Unicode.org is not very clear about the encoding of Unicode scalar values in UTF-8 or UTF-16. They refer to a corrigendum to a document that itself doesn't seem to be online. The corrigendum contains a lot of bureaucratic formalities, which do not seem very relevant to what I wanted to know: how does UTF-8 work?

Therefore I copied (without permission) the relevant part from http://www.unicode.org/versions/corrigendum1.html


Table 3.1. UTF-8 bit distribution
Scalar value UTF-16 1st byte 2nd byte 3rd byte 4th byte
00000000 0xxxxxxx 00000000 0xxxxxxx 0xxxxxxx      
00000yyy yyxxxxxx 00000yyy yyxxxxxx 110yyyyy 10xxxxxx    
zzzzyyyy yyxxxxxx zzzzyyyy yyxxxxxx 1110zzzz 10yyyyyy 10xxxxxx  
000uuuuu zzzzyyyy
yyxxxxxx
110110ww wwzzzzyy
110111yy yyxxxxxx 
11110uuu 10uuzzzz 10yyyyyy 10xxxxxx

Where uuuuu = wwww + 1 (to account for addition of 1000016)

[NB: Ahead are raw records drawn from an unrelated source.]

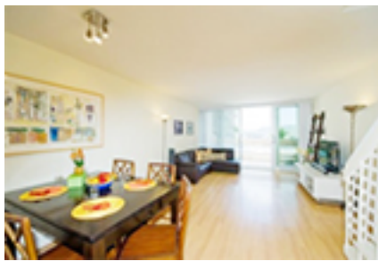
Ala Wai Plaza Condo/Townhouse Beds Total:2, Baths Total:2.01 $520,000
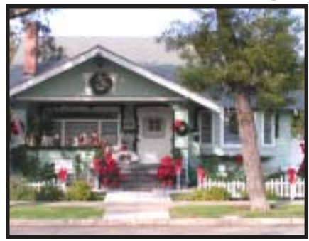
Most Old-Fashioned: 413 E. Maple
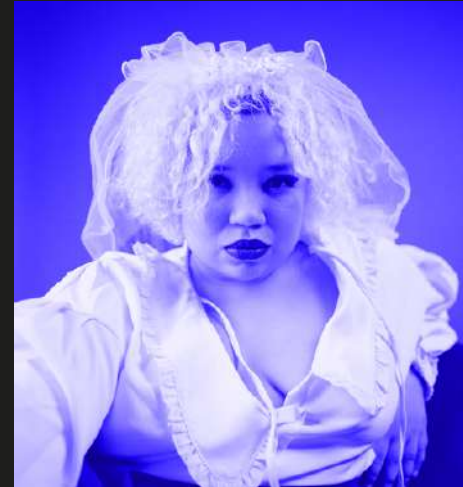
LAVENTURE GRAND EAST REGION POP ROCK LOFI

Las Baklavas is a group of 6 committed musicians who draw their inspiration from the sounds of the Balkans and Latin America. These colours, combined with the pop feminism of their compositions, blend to create a texture where traditional and contemporary music coexist. On stage, a singular space-time fuses acoustic and electronic instruments, raps, polyphonies and jazz or techno influences. By reinterpreting tradition, Las Baklavas redistribute the creative and powerful energy of the feminine principle and re-establish the truth contained in the original texts, moving from a passive representation to a claimed liberation and political identity. All united in a lively, festive energy, they invite the audience to question their own empowerment and to immerse themselves in this warm, collective atmosphere.

For UTF8, the table could be extended to 26, 31, 36 and 42 bit scalars, opening the possibility to encode the dazzling amount of over 4 trillion (exactly 4 398 046 511 104) different characters. That's US trillions, or European billions. In other words, more than 4 million million characters. Even if in the course of history thousands of new languages like Chinese, Korean and Japanese might develop, each with its own iconographic script, there would still be plenty of room.

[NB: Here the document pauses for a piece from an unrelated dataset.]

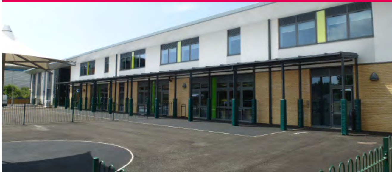
Recent new build primary school in Cardiff - Ysgol Glan Morfa

The new primary school is to be procured by the developer and construction is proposed to complete in Summer 2021.

Scalar value 1st byte 2nd byte 3rd byte 4th byte 5th byte 6th byte 7th byte 8th byte
000000tt uuuuuuzz zzzzyyyy yyxxxxxx 111110tt 10uuuuuu 10zzzzzz 10yyyyyy 10xxxxxx      
0stttttt uuuuuuzz zzzzyyyy yyxxxxxx 1111110s 10tttttt 10uuuuuu 10zzzzzz 10yyyyyy 10xxxxxx    
0000ssss sstttttt uuuuuuzz zzzzyyyy yyxxxxxx 11111110 10ssssss 10tttttt 10uuuuuu 10zzzzzz 10yyyyyy 10xxxxxx  
000000rr rrrrssss sstttttt uuuuuuzz zzzzyyyy yyxxxxxx 11111111 10rrrrrr 10ssssss 10tttttt 10uuuuuu 10zzzzzz 10yyyyyy 10xxxxxx

To me as a sometimes rather bit-oriented person, this much is clear enough, it tells me all I wanted to know about UTF8 encoding.

See also: Alan Wood, and Unicode Transformation Formats: UTF-8 & Co by Roman Czyborra, which also covers SCSU (Standard Compression Scheme for Unicode).

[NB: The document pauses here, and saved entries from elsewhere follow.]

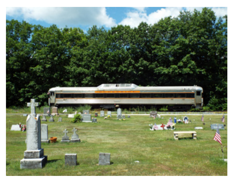
The Hoosac Valley train passes through historic Southview Cemetery in North Adams, MA.

When the museum began planning this new service, it seemed natural to recreate the "Beeliner" train that last ran on the branch. New York Central fans and purists probably won't mind that the BSRM's Budd car was actually built in 1955 for the Boston & Maine Railroad, where it likely made
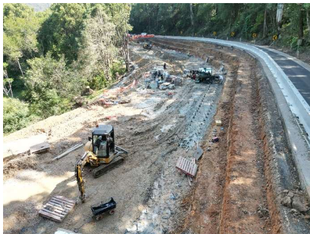
Nimbin site 1km works during August

The piling works were completed on August 23rd for Site 1km, approximately 1 Km from Nimbin. The drilling rig has now been relocated to Site 4km, approximately 4 Kms from Nimbin. The concreting of the pile cap, the base of the block retaining wall, has also commenced. Earthworks are now complete, and the piling is due to commence at the 4km site in early September.
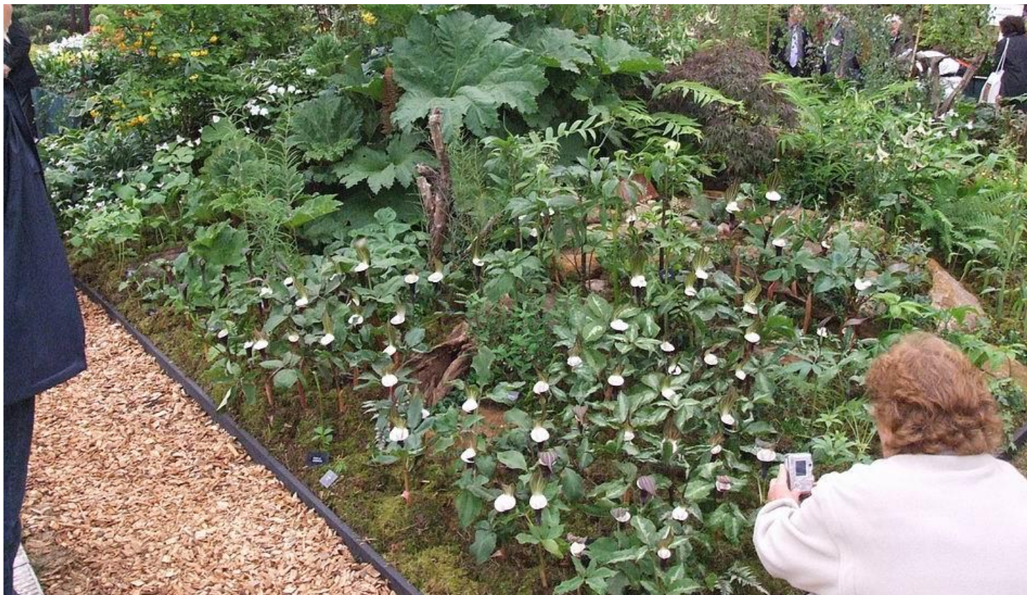
What about this mass planting of Arisaema sikokianum - fancy that in your garden? I do.

And here's the RFC that defines UTF-8. It says "The octet values FE and FF never appear", which means that my 36 and 42 bit scalars above cannot be encoded. Not a big problem.
See also UTF-8.
And this tells us how Ken Thompson invented UTF-8, cheered on by Rob Pike.